- Industrial vacancy rates in the U.S. rose to 6.6% in Q3, but have since slowed down. Projections from Colliers indicate a peak of 6.8% in mid-2025, followed by higher occupancy rates.
- Construction levels have fallen drastically, with 2022’s record 711 MSF under construction now down 53% to 331 MSF this year.
- While up 9% YoY, rents showed no quarterly growth, signaling cooling demand due to high vacancies and slowing construction.
- Austin, Texas, remains a leader in new industrial construction, with 17.2 MSF underway and a high vacancy rate of 13.6%.
As reported by Bisnow, the U.S. industrial sector, bolstered by unprecedented demand and construction in the wake of the pandemic, is now facing rising vacancies.
By The Numbers
Following record-high construction levels that reached 711 MSF in 2022, industrial development has dramatically slowed down.
Construction under development has plummeted by more than 50% over the last two years, settling at 331 MSF as developers deal with rising vacancies.
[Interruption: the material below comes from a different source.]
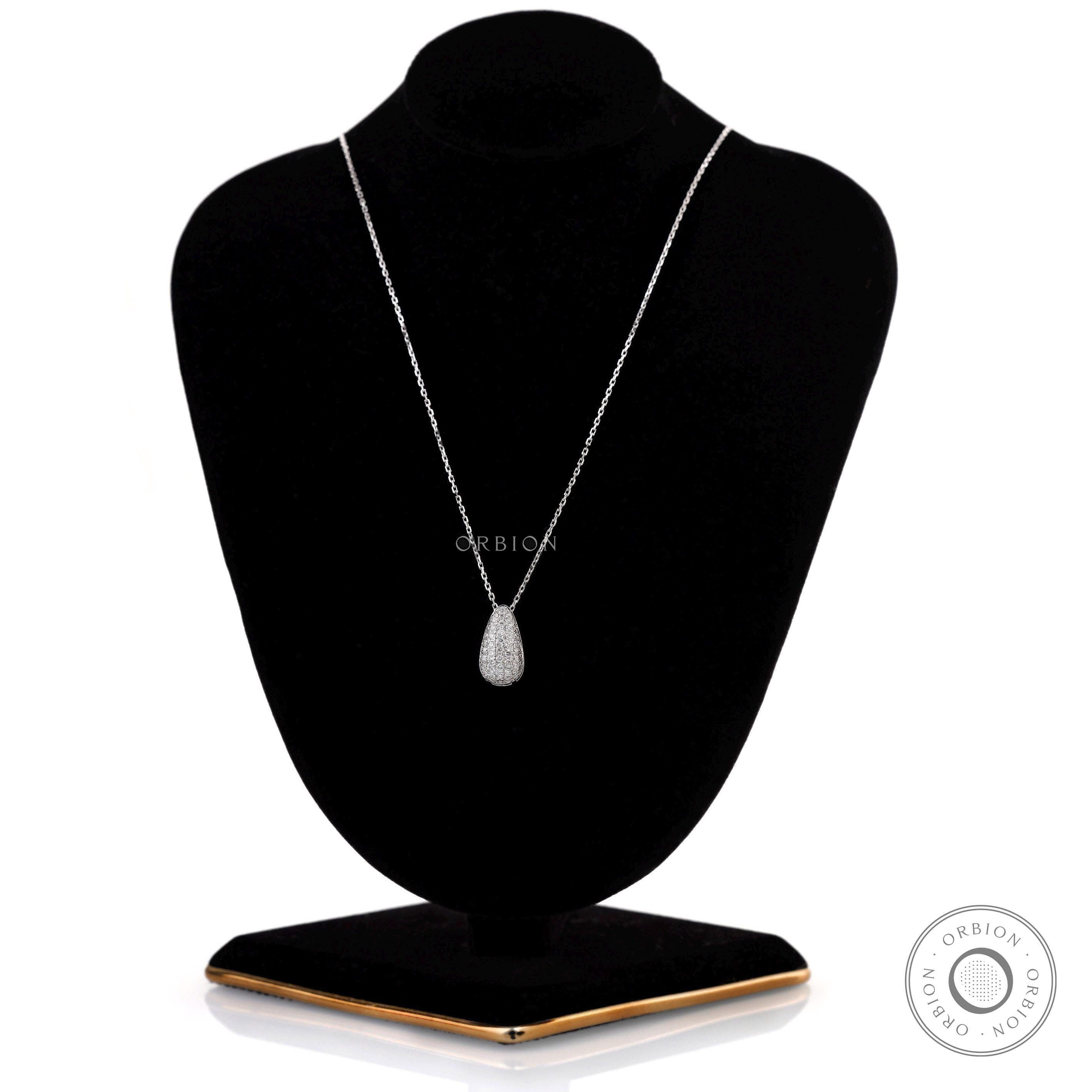 Pave Diamond Teardrop Necklace, Solid Gold Lab Grown Diamond Necklace, Minimalist Pear Shaped Chain Pendant, Daily Wear Necklace

In 3Q24 alone, new deliveries totaled just 76 MSF—significantly lower than the 163 MSF completed in 3Q23.
Industry experts expect overall construction activity to continue declining, possibly returning to pre-pandemic averages below 300 MSF over the next two quarters and into 1H25.
Regional Highlights
Austin stands out as the fastest-growing industrial market, with 17.2 MSF under construction, accounting for 18.7% of its existing inventory. The city’s vacancy rate, however, reached 13.6% by the end of Q3, reflecting a potential oversupply.
The U.S. South region, covering Texas to Virginia, leads in overall construction, with 140.6 MSF in development. However, it also has the nation’s highest vacancy rate at 7.8%.
Slowing Rent Growth
Although average industrial rents climbed 9% YoY to $11.08 PSF in Q3, they held flat from the previous quarter. Colliers reported a decline in rental rates across 15 major U.S. markets, reflecting a temporary slowdown as the sector recalibrates.
While rent growth remains positive YoY, national averages for 2025 and 2026 are forecasted to return to the historical range of 2–7% annual growth.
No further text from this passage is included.